[Opening Data in this exercise section]

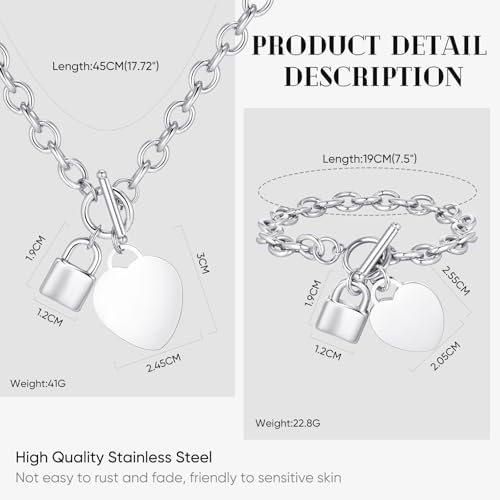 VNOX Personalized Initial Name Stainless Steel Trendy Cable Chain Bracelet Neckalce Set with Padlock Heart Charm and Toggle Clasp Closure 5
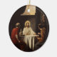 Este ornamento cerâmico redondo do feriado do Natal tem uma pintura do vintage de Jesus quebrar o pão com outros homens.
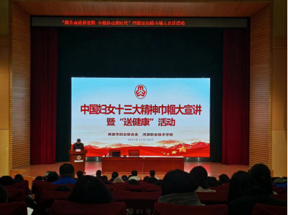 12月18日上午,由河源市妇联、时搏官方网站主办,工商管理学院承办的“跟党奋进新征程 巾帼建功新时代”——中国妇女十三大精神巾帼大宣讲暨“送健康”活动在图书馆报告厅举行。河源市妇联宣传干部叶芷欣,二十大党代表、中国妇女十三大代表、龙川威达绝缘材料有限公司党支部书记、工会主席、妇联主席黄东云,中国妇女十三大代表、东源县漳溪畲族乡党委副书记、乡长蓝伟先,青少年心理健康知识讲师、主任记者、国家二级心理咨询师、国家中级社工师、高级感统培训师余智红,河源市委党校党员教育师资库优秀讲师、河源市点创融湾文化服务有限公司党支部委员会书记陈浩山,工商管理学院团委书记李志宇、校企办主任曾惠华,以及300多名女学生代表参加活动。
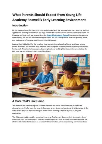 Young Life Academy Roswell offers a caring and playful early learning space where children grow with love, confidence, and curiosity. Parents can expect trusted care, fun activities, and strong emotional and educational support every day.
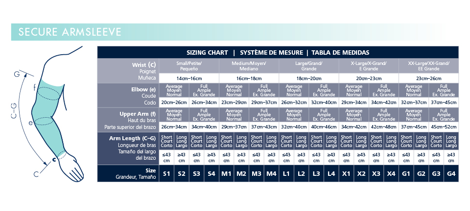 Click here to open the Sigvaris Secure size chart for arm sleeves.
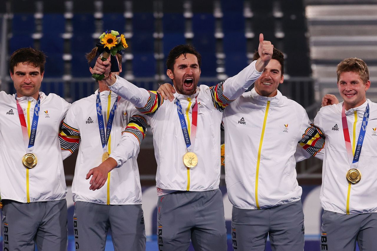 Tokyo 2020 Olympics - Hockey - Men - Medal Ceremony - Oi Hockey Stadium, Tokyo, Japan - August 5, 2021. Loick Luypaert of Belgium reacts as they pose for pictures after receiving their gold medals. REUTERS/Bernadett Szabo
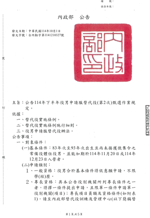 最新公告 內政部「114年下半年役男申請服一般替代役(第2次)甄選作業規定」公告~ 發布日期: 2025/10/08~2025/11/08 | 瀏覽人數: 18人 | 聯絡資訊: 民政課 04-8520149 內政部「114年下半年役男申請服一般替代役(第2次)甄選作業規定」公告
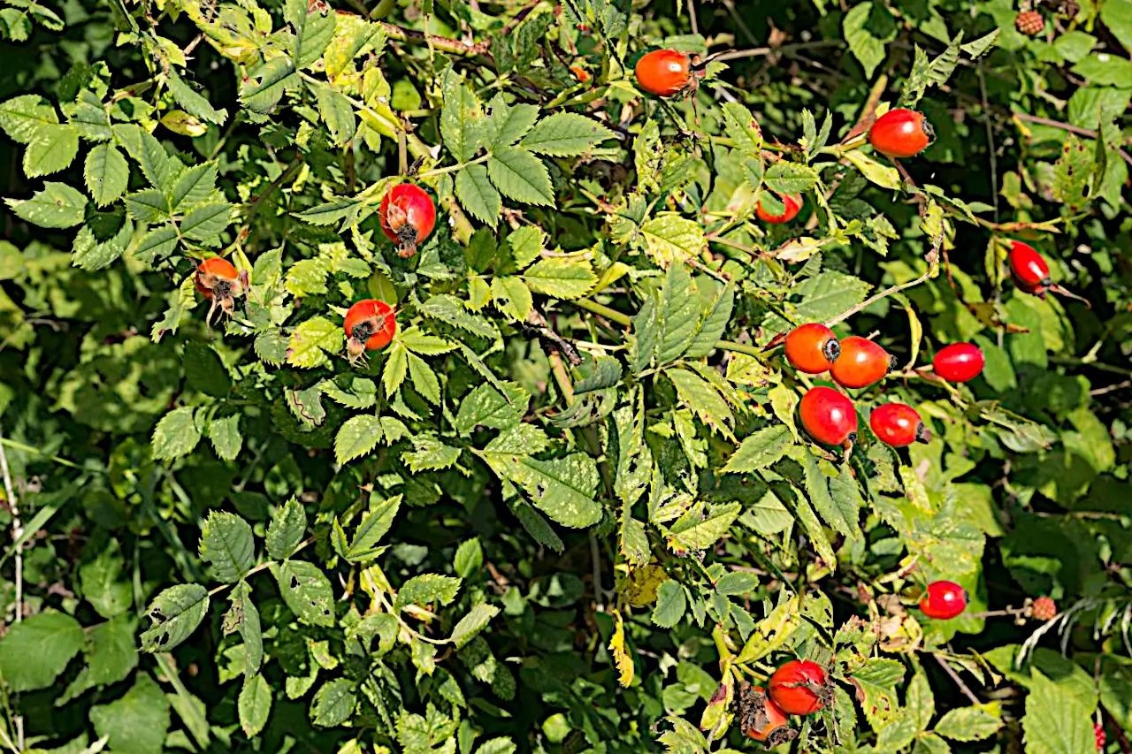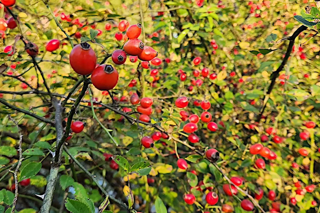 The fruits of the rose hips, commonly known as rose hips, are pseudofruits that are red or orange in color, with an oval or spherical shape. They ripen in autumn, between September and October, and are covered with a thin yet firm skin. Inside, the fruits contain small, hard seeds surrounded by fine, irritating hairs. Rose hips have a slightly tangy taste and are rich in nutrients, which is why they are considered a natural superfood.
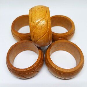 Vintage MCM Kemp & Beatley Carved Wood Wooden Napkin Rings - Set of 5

[Closing Data in this exercise section]

Task to complete: A faithful copy of the data is required: each word kept, each picture omitted.

Problem solution:
 VNOX Personalized Initial Name Stainless Steel Trendy Cable Chain Bracelet Neckalce Set with Padlock Heart Charm and Toggle Clasp Closure 5
 Este ornamento cerâmico redondo do feriado do Natal tem uma pintura do vintage de Jesus quebrar o pão com outros homens.
 12月18日上午,由河源市妇联、时搏官方网站主办,工商管理学院承办的“跟党奋进新征程 巾帼建功新时代”——中国妇女十三大精神巾帼大宣讲暨“送健康”活动在图书馆报告厅举行。河源市妇联宣传干部叶芷欣,二十大党代表、中国妇女十三大代表、龙川威达绝缘材料有限公司党支部书记、工会主席、妇联主席黄东云,中国妇女十三大代表、东源县漳溪畲族乡党委副书记、乡长蓝伟先,青少年心理健康知识讲师、主任记者、国家二级心理咨询师、国家中级社工师、高级感统培训师余智红,河源市委党校党员教育师资库优秀讲师、河源市点创融湾文化服务有限公司党支部委员会书记陈浩山,工商管理学院团委书记李志宇、校企办主任曾惠华,以及300多名女学生代表参加活动。
 Young Life Academy Roswell offers a caring and playful early learning space where children grow with love, confidence, and curiosity. Parents can expect trusted care, fun activities, and strong emotional and educational support every day.
 Click here to open the Sigvaris Secure size chart for arm sleeves.
 Tokyo 2020 Olympics - Hockey - Men - Medal Ceremony - Oi Hockey Stadium, Tokyo, Japan - August 5, 2021. Loick Luypaert of Belgium reacts as they pose for pictures after receiving their gold medals. REUTERS/Bernadett Szabo
 最新公告 內政部「114年下半年役男申請服一般替代役(第2次)甄選作業規定」公告~ 發布日期: 2025/10/08~2025/11/08 | 瀏覽人數: 18人 | 聯絡資訊: 民政課 04-8520149 內政部「114年下半年役男申請服一般替代役(第2次)甄選作業規定」公告
 The fruits of the rose hips, commonly known as rose hips, are pseudofruits that are red or orange in color, with an oval or spherical shape. They ripen in autumn, between September and October, and are covered with a thin yet firm skin. Inside, the fruits contain small, hard seeds surrounded by fine, irritating hairs. Rose hips have a slightly tangy taste and are rich in nutrients, which is why they are considered a natural superfood.
 Vintage MCM Kemp & Beatley Carved Wood Wooden Napkin Rings - Set of 5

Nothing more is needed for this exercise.